Could the listing be repeated exactly, with every picture dropped?

**Information shown:**

■ ■ ■ ■

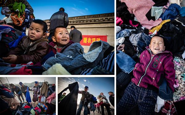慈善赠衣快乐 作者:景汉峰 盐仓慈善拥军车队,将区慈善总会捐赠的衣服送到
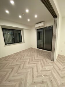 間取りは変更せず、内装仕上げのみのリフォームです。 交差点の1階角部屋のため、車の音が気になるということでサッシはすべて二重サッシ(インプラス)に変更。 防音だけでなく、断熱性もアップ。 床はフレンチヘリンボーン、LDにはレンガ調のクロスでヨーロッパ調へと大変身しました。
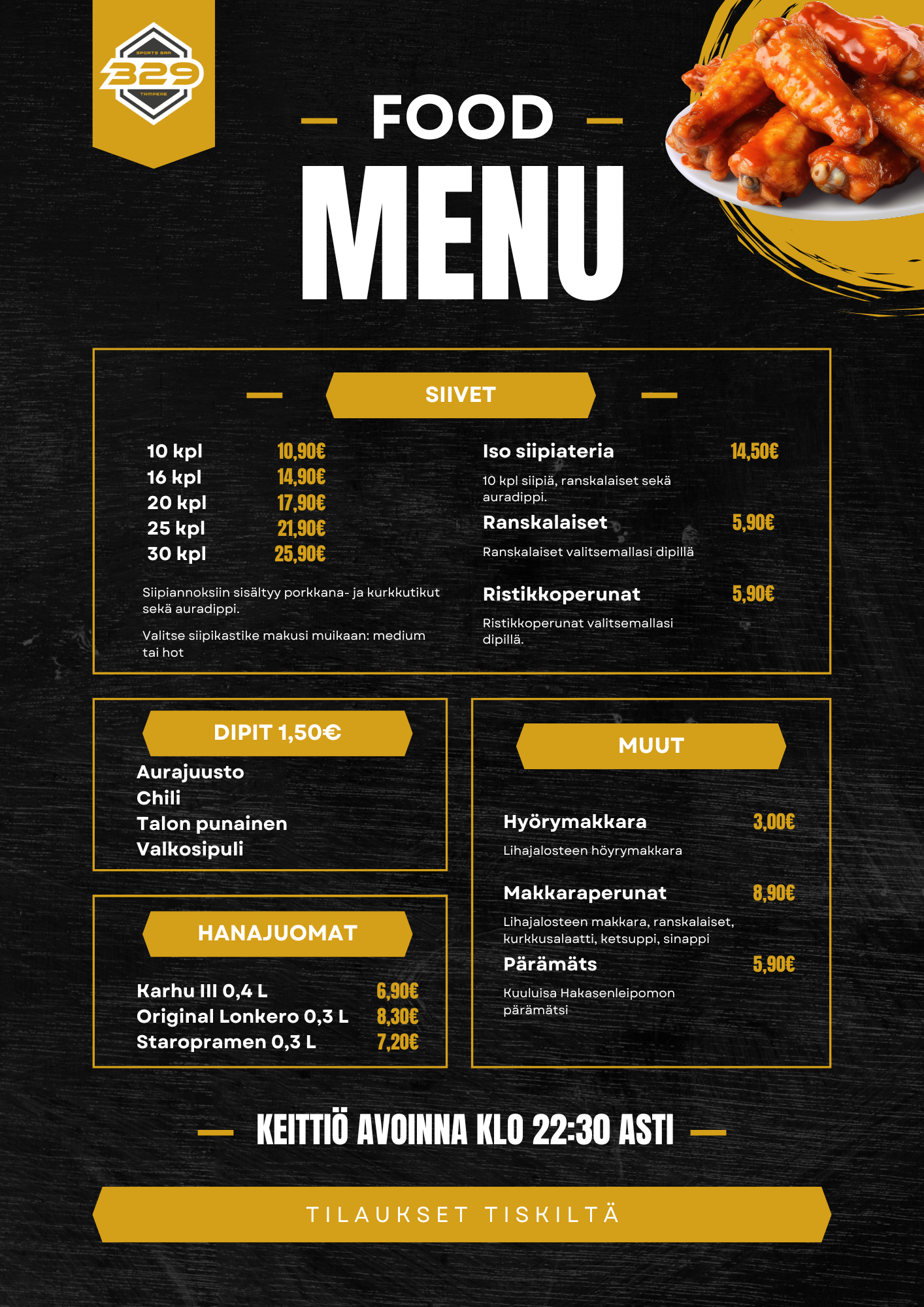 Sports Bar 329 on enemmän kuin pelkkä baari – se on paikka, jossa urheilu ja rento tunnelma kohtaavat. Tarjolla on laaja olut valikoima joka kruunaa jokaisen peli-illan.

■ ■ ■ ■

**Problem solution:**
慈善赠衣快乐 作者:景汉峰 盐仓慈善拥军车队,将区慈善总会捐赠的衣服送到
 間取りは変更せず、内装仕上げのみのリフォームです。 交差点の1階角部屋のため、車の音が気になるということでサッシはすべて二重サッシ(インプラス)に変更。 防音だけでなく、断熱性もアップ。 床はフレンチヘリンボーン、LDにはレンガ調のクロスでヨーロッパ調へと大変身しました。
 Sports Bar 329 on enemmän kuin pelkkä baari – se on paikka, jossa urheilu ja rento tunnelma kohtaavat. Tarjolla on laaja olut valikoima joka kruunaa jokaisen peli-illan.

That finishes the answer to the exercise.